Worldview Work Isn’t Optional
Written By John Stonestreet   |   04.25.18
Some are saying that Christians have lost the culture. But what if it was never a war to win, instead it was a calling to embrace? If there is an overarching theme for BreakPoint—starting with Chuck Colson and now with Eric Metaxas and me—it’s culture.  Specifically, how Christians can understand it, engage it, confront it, even restore it—through the clarity of a Christian worldview. As Brett Kunkle and I explain in our book, “A Practical Guide to Culture,” what we mean by culture is not some mysterious thing cloistered in art museums. No, culture is the sum of everything we as human beings create, write, say, do, and think—the marks we leave on our world. In that sense, “engaging the culture” isn’t really optional. It’s human. It’s as much a part of being alive as breathing is. We don’t decide whether we’ll engage the culture. Just how.I say this because lately, a few people have suggested that Christian efforts in the culture have failed. One gentleman recently wrote me saying that worldview-style training like the kind we do in our Colson Fellows Program or at Summit Ministries or other places like that just hasn’t worked. We’re losing the next generation, he said, and mainstream culture is as dark as ever.

But I want to push back against this idea, at least on a couple of fronts. First, it just isn’t true! You can’t convince me that the work of people like Francis Schaeffer, Chuck Colson, David Noebel, or the work of groups like Summit Ministries or the Colson Center, teaching Christians how to approach culture from a Christian worldview hasn’t made a difference. I’ve seen young faces light up when they get this Christianity thing for the first time, realizing it’s true, and that faith relates to culture. I’ve seen too many to believe that it hasn’t made an impact. I was one of those faces in 1994 thanks to Bill Brown and Gary Phillips.

And stats back me up on this. Far from the doom and gloom we often hear in the media, and from Christian sources, the Church isn’t collapsing in America. In fact, evangelicals have one of the highest retention rates of their young people of any Christian group.

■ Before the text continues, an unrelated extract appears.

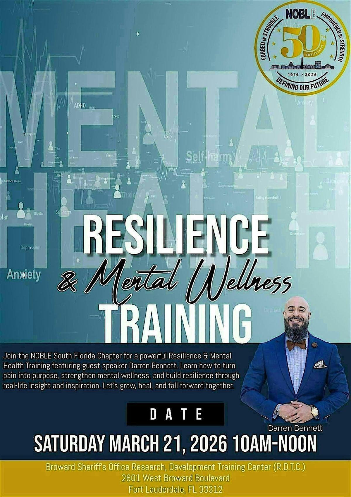 Join the NOBLE South Florida Chapter for a powerful Resilience & Mental Health Training featuring guest speaker Darren Bennett. Learn how to turn pain into purpose, strengthen mental wellness, and build resilience through real-life insight and inspiration. Let’s grow, heal, and fall forward together.

And to say that “worldview hasn’t worked” is to ignore the incredible inroads made in the academy in our lifetime. Consider that the entire discipline of philosophy was flipped on its head in the late 20th century by people like Alvin Plantinga. Consider the amazing progress in law, not only now, but the seeding of jurisprudence by the folks at Alliance Defending Freedom. Consider the gains of the pro-life movement. All of these were either directly or indirectly inspired by Christians taught to engage culture armed with Christian worldview thinking.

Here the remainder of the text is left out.